Unrelatedly, the Texas LP has a contact list of candidates for this year.

Saturday, March 11, 2006

Woohoo, the Dallas Morning News actually published one.

Letter sent in response to drug-related violence in Laredo and published in this morning's Dallas Morning News:

There's an easy solution to the violence on both sides of the river caused by the Zetas and other drug cartels, a solution that would also save hundreds of millions, if not billions, of taxpayer dollars: legalize drugs.

A little thought and common sense is all it takes to realize that drugs only lead to violence because of their illegality: There are no Colombian coffee cartels or Chilean copper cartels, because cartels are not a viable business model for trading a legal product.
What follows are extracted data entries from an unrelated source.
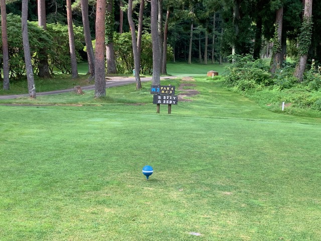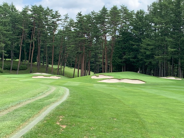 2番359y左ドッグのミドルは、ドライバーは左のクロスバンカーイン。8アイアンで打つもバンカーイン。まずまずでしたが、パターが決まらず。同じバンカーから1mに3オンのオッチャンがナイスパー。同じくナイスパットでA.Fさんもパー。
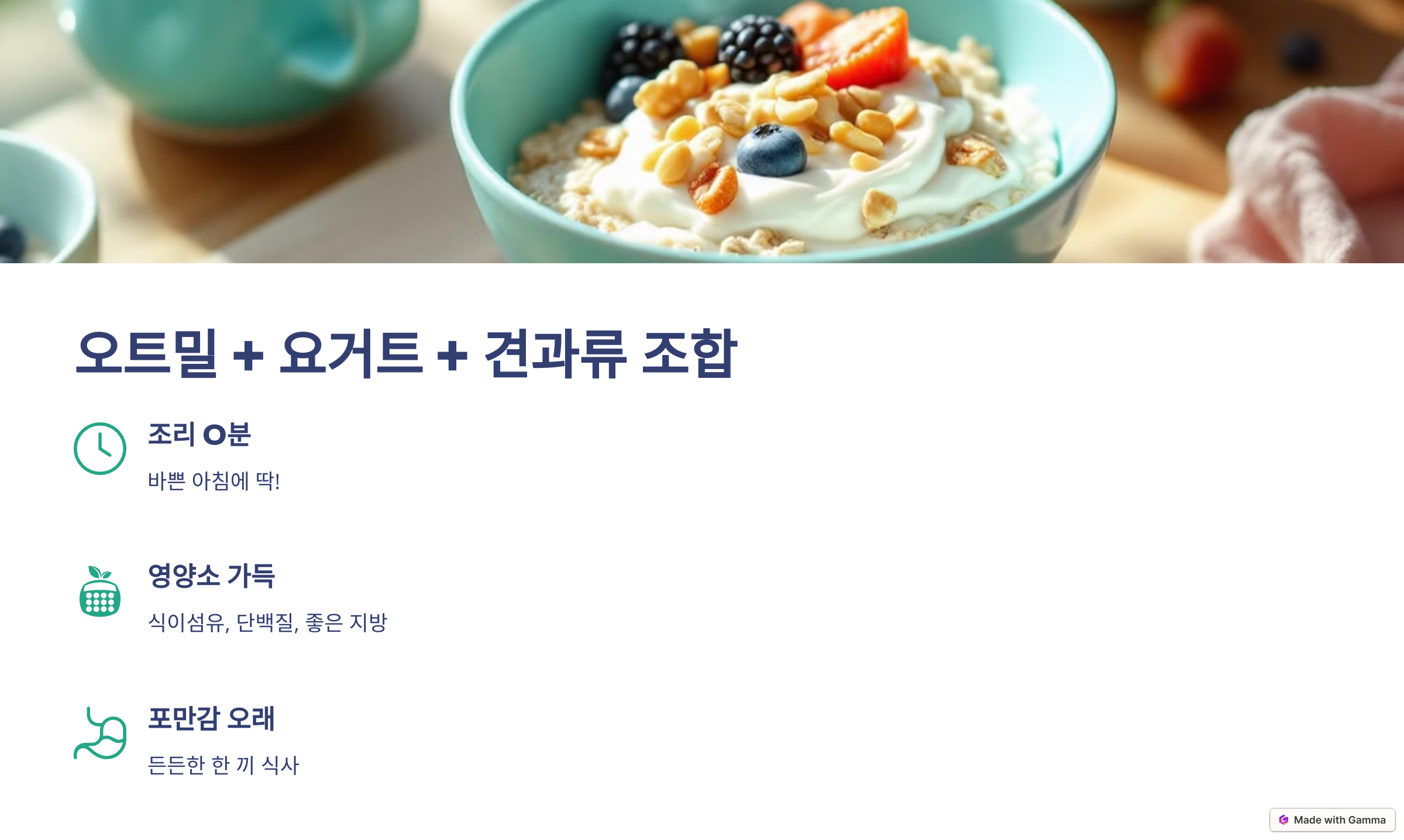 - 오트밀 + 요거트 + 견과류 조합
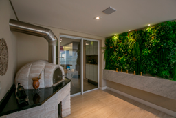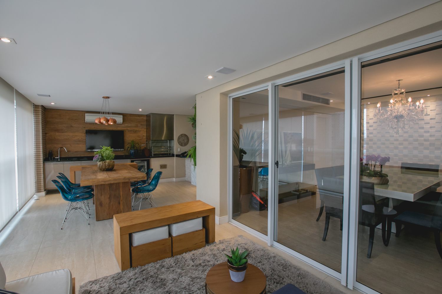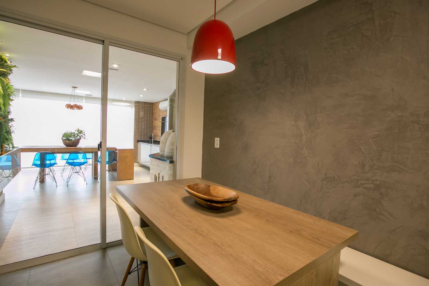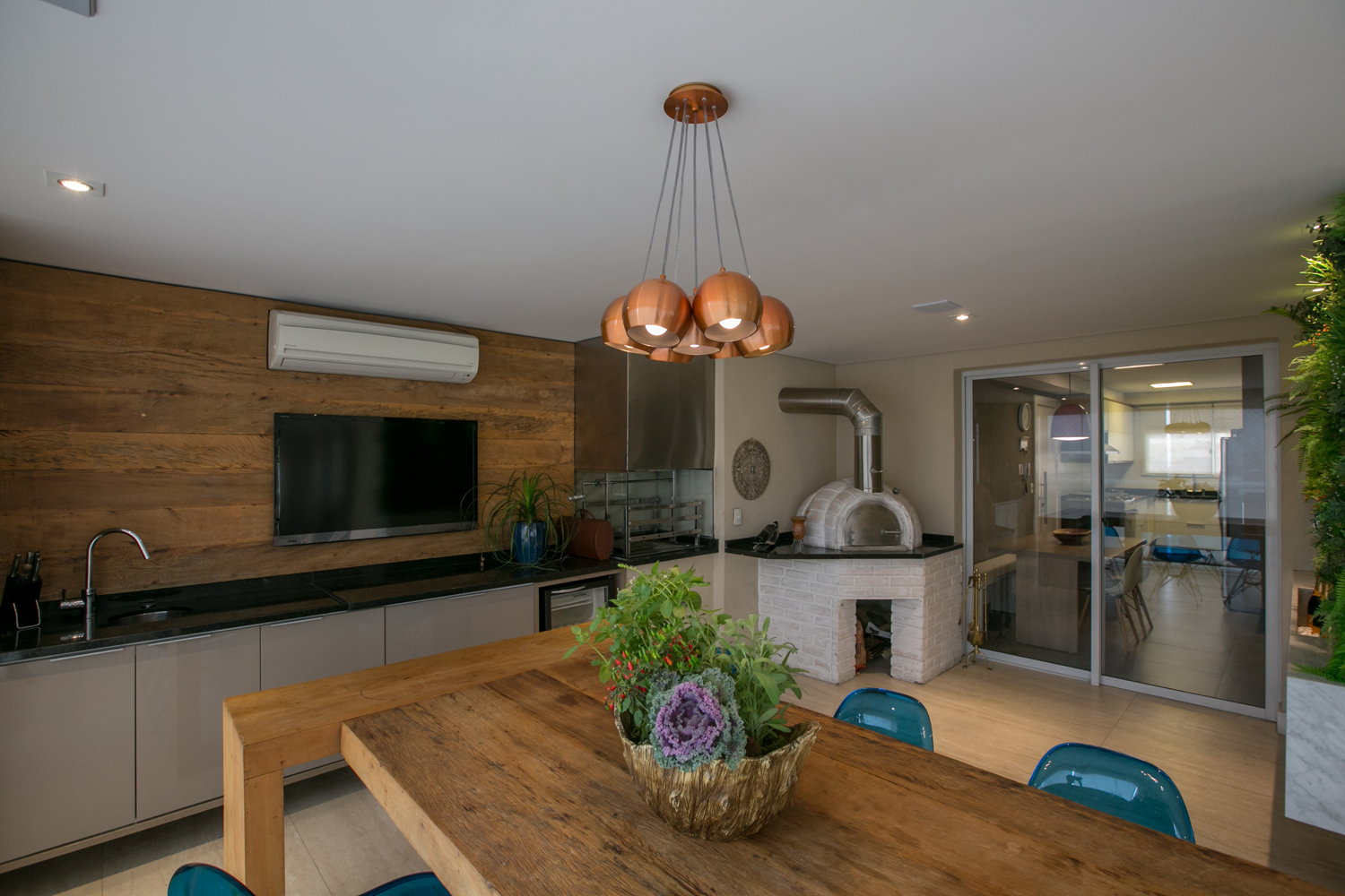 Atração da reforma, a varanda gourmet oferece dois ambientes bem agradáveis. Um deles recebeu a churrasqueira e um forno de pizza. Para dar um tom rústico, uma das paredes e a mesa são de madeira de demolição. A outra parte do cômodo traz um estar bem confortável.

Nigel Watt, president, Highland Park High School Libertarians, Dallas


Monday, March 06, 2006

Federal money comes with strings attached? Who could've guessed?
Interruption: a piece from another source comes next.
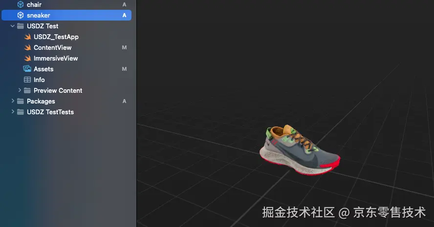 利用ModelEntity加载模型,添加到RealityView的content中展示,这样可以对模型做各种操作,比如添加子模型,修改光照,材质等要素。举个例子来讲,我需要在运动鞋模型“sneaker”上面添加一个可以与用户交互的白色圆点模型,用于在用户点击的时候添加/展示对应部分的评价。
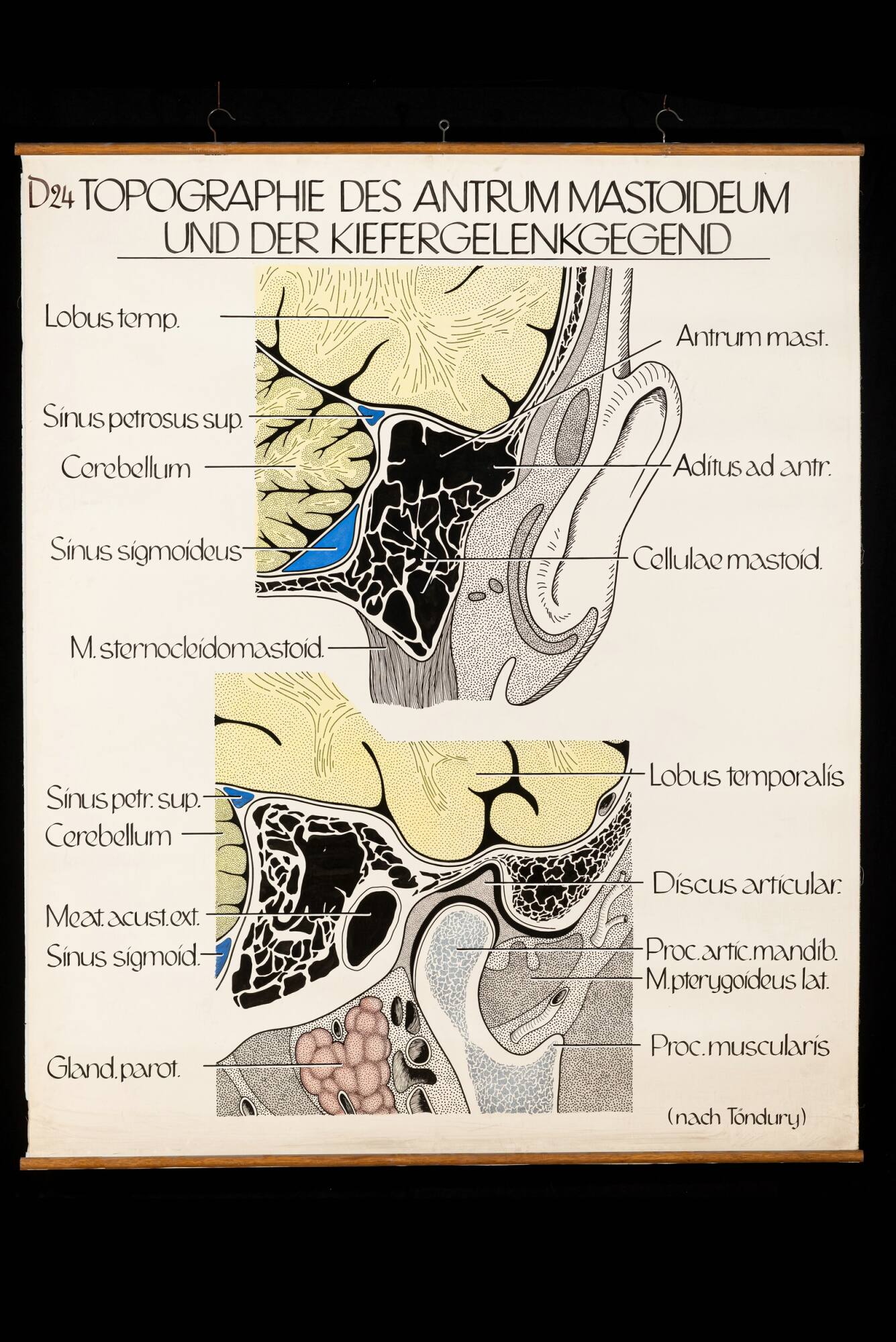 BeschreibungAuf dieser Tafel ist die Schnittbildanatomie des Schläfenbeins (Os temporale) in verschiedenen Ebenen dargestellt. Die Schnittebene in der oberen Teilabbildung befi ndet sich weiter in Richtung des Hinterhaupts in dem Bereich, in dem die Mittelohrräume in den Warzenfortsatz (Processus mastoideus) übergehen. Die lufthaltigen Bereiche sind schwarz dargestellt, die von knöchernen Trabekeln durchzogen sind. Unmittelbar am Warzenfortsatz entspringend ist der große Kopfwendemuskel (Musculus sternocleidomastoideus), welcher sich bis zum Schlüssel- und Brustbein zieht. Im Schädelinneren grenzen nach oben der Schläfenlappen (Lobus temporalis) des Großhirns und nach hinten das Kleinhirn (Cerebellum) an. Darüber hinaus sind venöse Blutleiter des Gehirns dargestellt (Sinus petrosus superior und Sinus sigmoideus). Die Schnittebene der unteren Teilabbildung liegt weiter in Richtung des Gesichts. Hier sind das rechte Kiefergelenk und Teile der rechten Ohrspeicheldrüse (Glandula parotis) angeschnitten.MaßeH x B: 184 × 150 cm

Supreme Court rules that colleges that accept federal money must allow military recruiters

As much as the various tentacles of the federal government often contradict each other (like the EPA fining the DoE), it's no secret that the government, like any organization, has a set agenda, and part of that agenda is military. So if colleges accept federal money, they've got to accept federal guidelines.

Duh.


Sunday, March 05, 2006

What is this, Pyongyang?

There's some controversy in my part of the Metroplex (Highland Park) about widening the main thoroughfare through the area, Mockingbird Lane. (This Google Map shows the importance of the street.) Due to the small population of Highland Park and the fact that both termini of Mockingbird are in Dallas, most of the traffic on Mockingbird is Dallasite in origin and destination. Currently it's a two-lane streeth throughout Highland Park, which makes it an absolute nightmare to drive on during any reasonable time of day. So recently, the HP Town Council brought up widening the street - only to meet with horror from residents. After some consideration, I've decided that widening the street is in fact a bad idea, because it simply cannot function as a major artery. Houses are built rather close to the street along it, and between Douglas and Armstrong, it's covered by 20-mph school zone around 8AM - inconvenient for anybody trying to get to work. A few recent articles in the Dallas Morning News only strengthened my position, if only because their arguments for widening Mockingbird were obnoxiously populist in nature. So, as usual, I sent them a letter which they won't publish, and they'll print a few more columns against the residents of Highland Park, and all is well.